Doesn't postgres allow operator overloading?  Perhaps you could override the
equality operator for that type so that just a single value (the max value,
for example) always compares as unequal to itself and then use
COALESCE(invoiceid, 9223372036854775807).  All rows without a valid value
will have that value, but the overloaded equality operator will cause them
to not group together (I'm guessing.  I haven't tried this). That one makes
me nervous because of the potential for nasty side effects should something
legitimately have that value, but one could probably make the case for
having a bigger problem if a column has a value equal to max bigint.

 

Restructuring the query to separate valid invoice ids from invalid and/or
getting rid of the aggregation does seem like the best solution, though.



Re: [SQL] must appear in the GROUP BY clause or be used in an aggregate function problem

2012-01-31 Thread Edward W. Rouse
NM, I figured it out. The mere presence of an aggregate function and/or the
group by clause is what's causing all the hate for me. I will take a whack
at getting this to work without them. Thanks all.

 

From: pgsql-sql-ow...@postgresql.org [mailto:pgsql-sql-ow...@postgresql.org]
On Behalf Of Edward W. Rouse
Sent: Tuesday, January 31, 2012 4:27 PM
To: 'Samuel Gendler'
Cc: pgsql-sql@postgresql.org
Subject: Re: [SQL] must appear in the GROUP BY clause or be used in an
aggregate function problem

 

I would love to remove most of the aggregate functions. I am trying to
update an existing query to provide better data and started with the
existing one (which is where the MAX for the names came from). I originally
tried to remove those, but I get the group by/aggregate function error if I
do. I guess I don't understand enough to know why these are being forced
into that category. I have written queries in the past that had several
columns that were not considered requiring aggregation. Can someone
enlighten me on why these are being marked as requiring group/aggregation. 

 

Something with the way the table are joined perhaps? Can I remove the joins
and put the a.id = c.id in the where clause and get rid of this?

 

From: pgsql-sql-ow...@postgresql.org [mailto:pgsql-sql-ow...@postgresql.org]
On Behalf Of Samuel Gendler
Sent: Tuesday, January 31, 2012 3:57 PM
To: Edward W. Rouse
Cc: pgsql-sql@postgresql.org
Subject: Re: [SQL] must appear in the GROUP BY clause or be used in an
aggregate function problem

 

On Tue, Jan 31, 2012 at 12:27 PM, Edward W. Rouse 
wrote:

And in most cases this works fine. The problem arises when invoices get
added to the exception table due to their not being an invoice number. Even
though we join on the tracking id, the group by on invoicenum lumps the
different blank invoices into a single line, if the same user has more than
1. What we want is for each of the individual blank invoicenum entries to
have a separate line in the result. If I remove b.invoicenum from the group
by then I get the error in the subject line. If I try to use an aggregate
function (like I used MAX on the names) it's even worse. MAX works on the
names because they are all the same. MAX on the date doesn't seem to effect
the results that I can see other than if an invoice went into exception more
than once, and in that case we only want the latest one anyway.
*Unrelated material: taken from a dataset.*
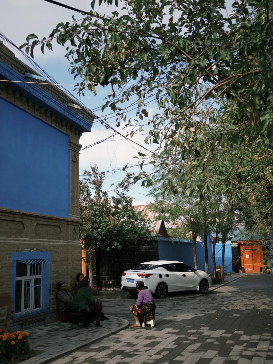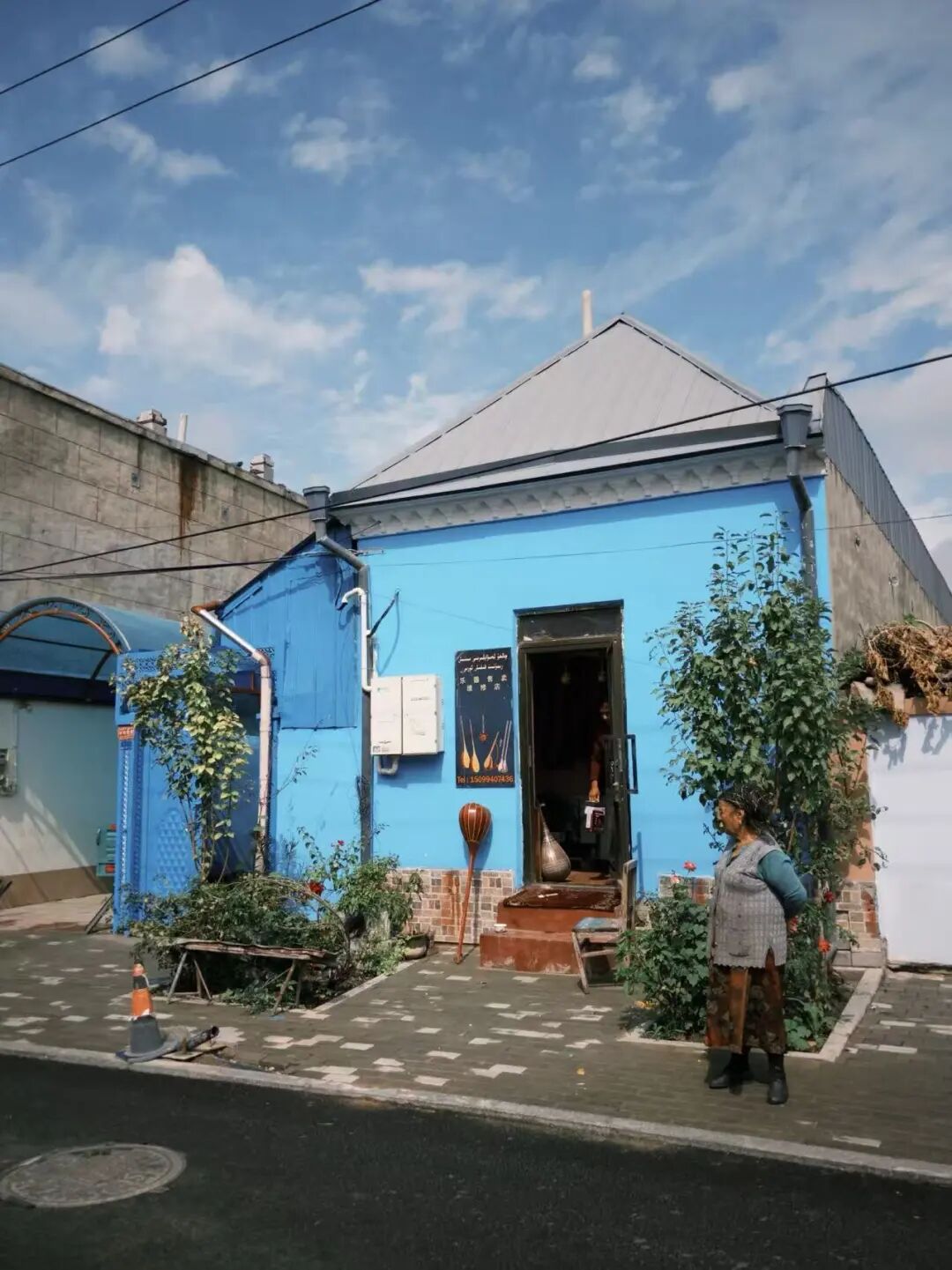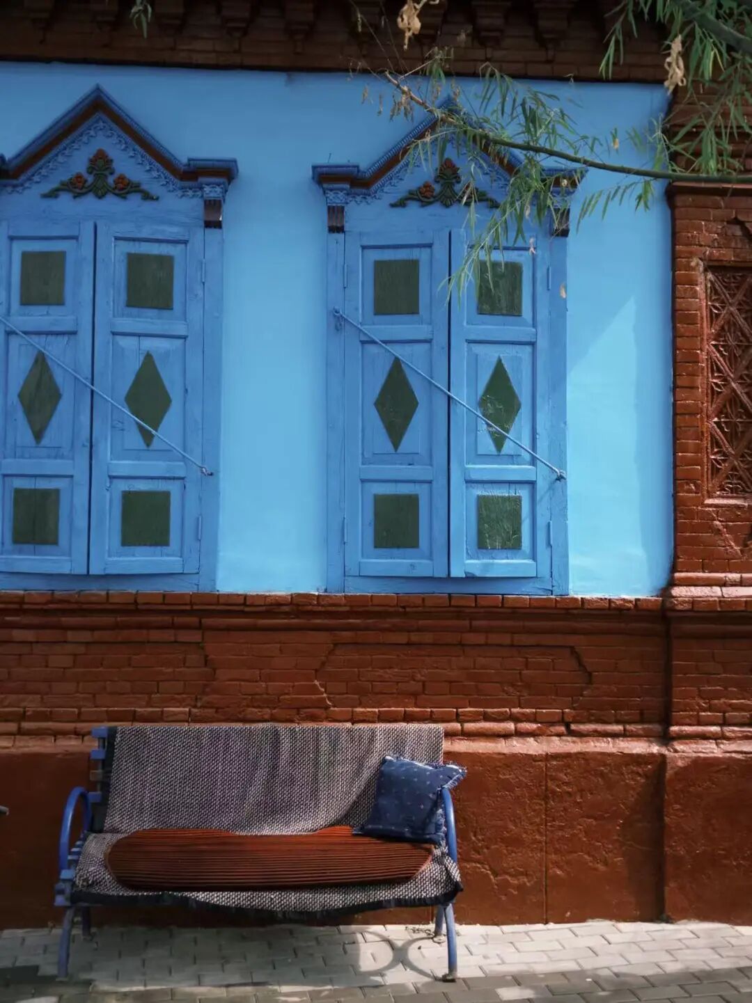 大巴扎的对面,就是喀赞其民俗旅游区。 如果时间充裕,除了打卡陕西大寺、吐达洪巴依大院等建筑,我更建议你从果园村或是伊犁街某处坑坑洼洼的岔路开始,随性地探索这片蓝色街区。许多民居会将外墙、窗户连同大门一起漆成蓝色。有一种说法是,人们长期生活在内陆,因此将房屋涂上天空与大海的颜色,聊以慰藉。

Any hints as to how to get this to not lump all of the empty invoicenums for
a user into a single line? And I have mentioned putting in a dummy value
like the date for an invoicenum, but that works as well as I expected it
would (not at all).

 

It seems like the use of the aggregation functions in your example aren't
absolutely necessary - though perhaps the date one is.  Best solution would
be to get rid of the aggregate columns so that you don't have this issue.

 

If that isn't possible, there are definitely some kludges you can use to get
it to work if you really don't want to union 2 queries together - one with
and one without valid invoice ids. Assuming invoice ids are generated via a
sequence, you can do the following to guarantee a unique 'id' for each empty
invoice - at the expense of incrementing your sequence unnecessarily:

 

COALESCE(invoiceid, nextval(invoiceid_sequence))

 

A better version of that kludge would be to create a sequence just for this
purpose and set it to a very negative number.  All of your generated fake
ids will then be negative numbers (so easily identified by whatever is
consuming the query results) and you can reset the sequence back to the most
negative possible value whenever you get concerned about running out of ids,
since you won't be using the same sequence as the invoice table itself.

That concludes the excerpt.